How to complete this task - Please reproduce all of the listing below exactly and drop its images.

Collected data -
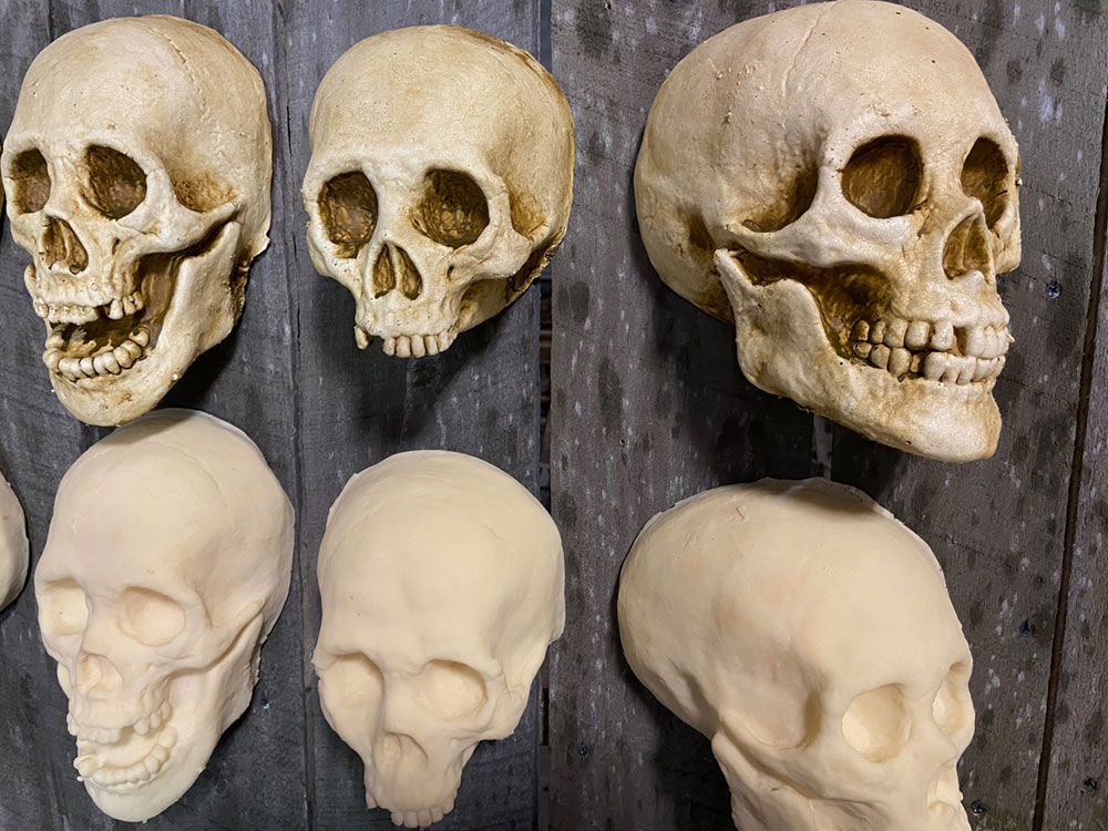 These are flat back skulls, skinned with a thick layer of latex and backed with a light polyfoam. They are great for in high traffic areas where guests will constantly brush against and be tempted to pick at the skulls. They will not chip or have chunks broken off due to the latex. We have 5 profiles available, they can either be bought painted or unpainted.
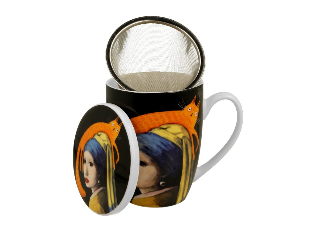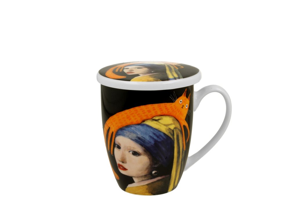 DP - Porcelánový hrnek se sítkem a víčkem Dívka s kočkou - 360 ml
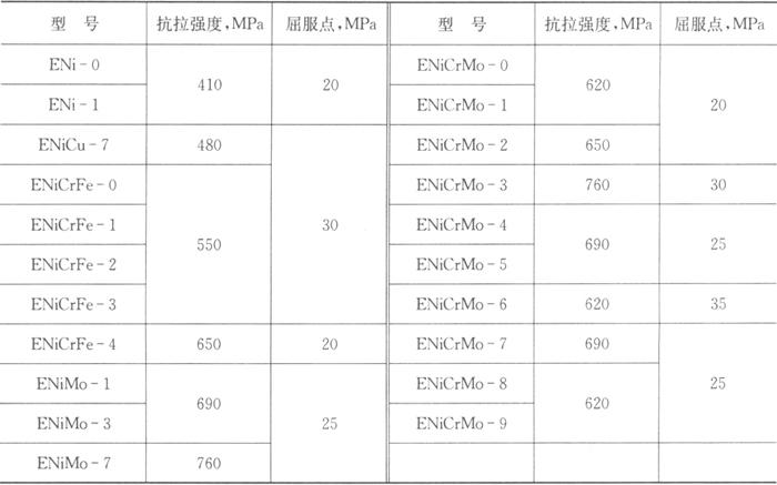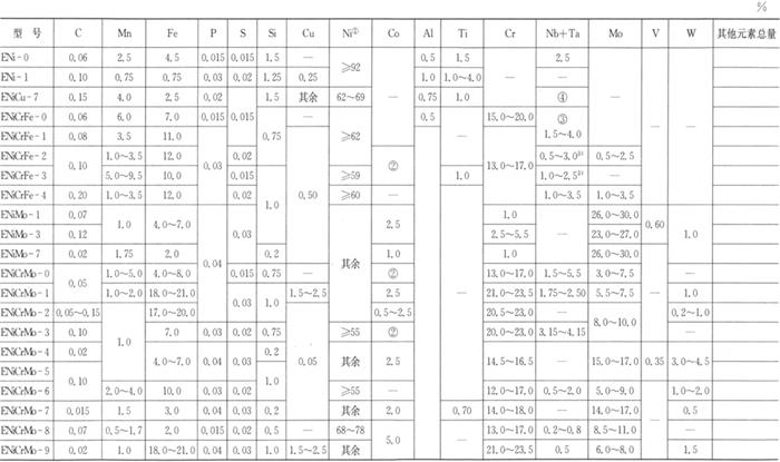 释义 | 我国镍及镍合金焊条标准概述 我国国家标准GB/T 13814-1992规定了镍及镍合金焊条的型号、技术要求、试验方法等内容。焊条型号根据熔敷金属化学成分和药皮类型划分,其表示方法如下: 型号示例 注:药皮类型中,3表示焊条药皮为钛钙型;15表示焊条药皮为低氢钠;16表示焊条药皮为低氢钾。 焊条熔敷金属化学成分应符合表5.2-1的规定,焊条熔敷金属的力学性能应符合表5.2-2的规定,除熔敷金属的力学性能试验外,还应对焊接接头进行弯曲试验。对于直径2.0mm的焊条应做两个横向正弯试验,对于其他直径的焊条,应做三个横向侧弯试验。试样厚10mm,弯曲直径40mm,每个试样弯曲表面的裂纹条数和单个裂纹长度应不超过表5.2-3的规定,但长度小于0.4mm的裂纹及试样棱角上的裂纹不计。 表5.2-1 熔敷金属化学成分(GB/T 13814-1992) 注:1.在对本表中规定的化学元素进行分析时,如果发现存在其他元素,则应进一步分析,分析结果不应超过其他元素总量。 2.表中所列单个值,除有其他规定,则均为最大值。①含镍量包括附带的钴。②钴——有要求时最大为0.12。③钼——有要求时最大为0.30。④铌——有要求时最大为2.5。 表5.2-2 熔敷金属力学性能要求(GB/T 13814-1992) 表5.2-3 裂纹条数和裂纹长度的允许值(GB/T 13814-1992) 表5.2-4列出我国常用镍和镍合金焊条牌号与GB/T 13814型号的对照。 表5.2-4 我国常用镍和镍合金焊条牌号与GB/T 13814型号对照 |

Solution -
 These are flat back skulls, skinned with a thick layer of latex and backed with a light polyfoam. They are great for in high traffic areas where guests will constantly brush against and be tempted to pick at the skulls. They will not chip or have chunks broken off due to the latex. We have 5 profiles available, they can either be bought painted or unpainted.
 DP - Porcelánový hrnek se sítkem a víčkem Dívka s kočkou - 360 ml
 释义 | 我国镍及镍合金焊条标准概述 我国国家标准GB/T 13814-1992规定了镍及镍合金焊条的型号、技术要求、试验方法等内容。焊条型号根据熔敷金属化学成分和药皮类型划分,其表示方法如下: 型号示例 注:药皮类型中,3表示焊条药皮为钛钙型;15表示焊条药皮为低氢钠;16表示焊条药皮为低氢钾。 焊条熔敷金属化学成分应符合表5.2-1的规定,焊条熔敷金属的力学性能应符合表5.2-2的规定,除熔敷金属的力学性能试验外,还应对焊接接头进行弯曲试验。对于直径2.0mm的焊条应做两个横向正弯试验,对于其他直径的焊条,应做三个横向侧弯试验。试样厚10mm,弯曲直径40mm,每个试样弯曲表面的裂纹条数和单个裂纹长度应不超过表5.2-3的规定,但长度小于0.4mm的裂纹及试样棱角上的裂纹不计。 表5.2-1 熔敷金属化学成分(GB/T 13814-1992) 注:1.在对本表中规定的化学元素进行分析时,如果发现存在其他元素,则应进一步分析,分析结果不应超过其他元素总量。 2.表中所列单个值,除有其他规定,则均为最大值。①含镍量包括附带的钴。②钴——有要求时最大为0.12。③钼——有要求时最大为0.30。④铌——有要求时最大为2.5。 表5.2-2 熔敷金属力学性能要求(GB/T 13814-1992) 表5.2-3 裂纹条数和裂纹长度的允许值(GB/T 13814-1992) 表5.2-4列出我国常用镍和镍合金焊条牌号与GB/T 13814型号的对照。 表5.2-4 我国常用镍和镍合金焊条牌号与GB/T 13814型号对照 |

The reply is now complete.